Greece will overcome its huge debt crisis with its austerity plan, an IMF official said Sunday as a poll showed a majority of Greeks fear that unpopular pension reforms will be in vain.
Poul Thomsen, the head of the International Monetary Fund mission dealing with Greece, told To Vima daily that Athens is making progress on its "ambitious" program of cuts.
The cutbacks have caused labour turmoil and a series of protests across Greece, with a new general strike, the fifth since February, due to be held on Tuesday.
"Such an adjustment is not easy and often causes discontent," Thomsen said. "This is understandable as people see things getting worse before they improve."
But he added: "The effort has begun vigorously and I firmly believe that Greece will succeed."
Thomsen also applauded the Greek government's decision not to restructure its debt as this "which would entail a huge cost."
After decades of unrestrained state spending, Greece faced bankruptcy this year with a national debt of nearly â‚¬300 billion (US$371 billion).

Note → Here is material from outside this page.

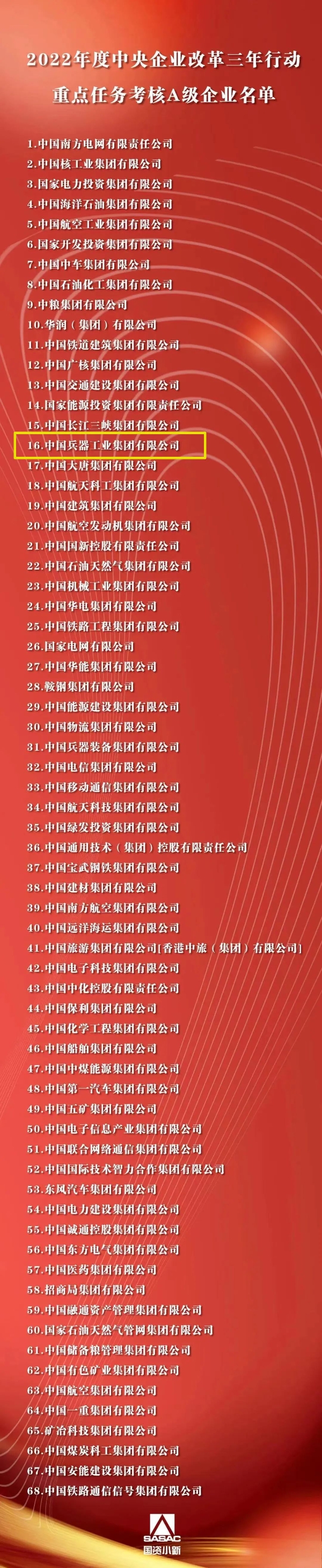 根據《中央企業(yè)改革三年行動重點任務考核實施方案(試行)》和《中央企業(yè)改革三年行動重點任務考核指標表(2022版)》,經審定,國務院國資委發(fā)布2022年度中央企業(yè)改革三年行動重點任務考核A級企業(yè)名單,中國兵器工業(yè)集團有限公司獲評A級。

It was rescued by a bailout loan from the European Union and the IMF for which it had to pledge a spate of deep spending cuts.
Among the measures is an overhaul of the pensions system which has eaten up vast amounts of state funds.
The government this week finalized reforms which progressively raise by 2015 the age of retirement for both men and women to 65 years for a full pension, equating the sexes for the first time.
It also increases the mandatory workforce period from 37 years to 40 years.
The new system will see an average reduction in pensions of seven percent and bonus retirement dues which pensioners used to receive for Christmas, Easter and summer vacations will be slashed.
Parliament is expected to begin debate on the reforms next week.
A poll in Proto Thema daily on Sunday showed that 64.8 percent of Greeks believe their sacrifices will not save the crumbling pensions system, which currently consumes 12 percent of national output.
The Alco poll also found that 51.1 percent of 800 respondents believe Prime Minister George Papandreou is "too submissive" towards Brussels.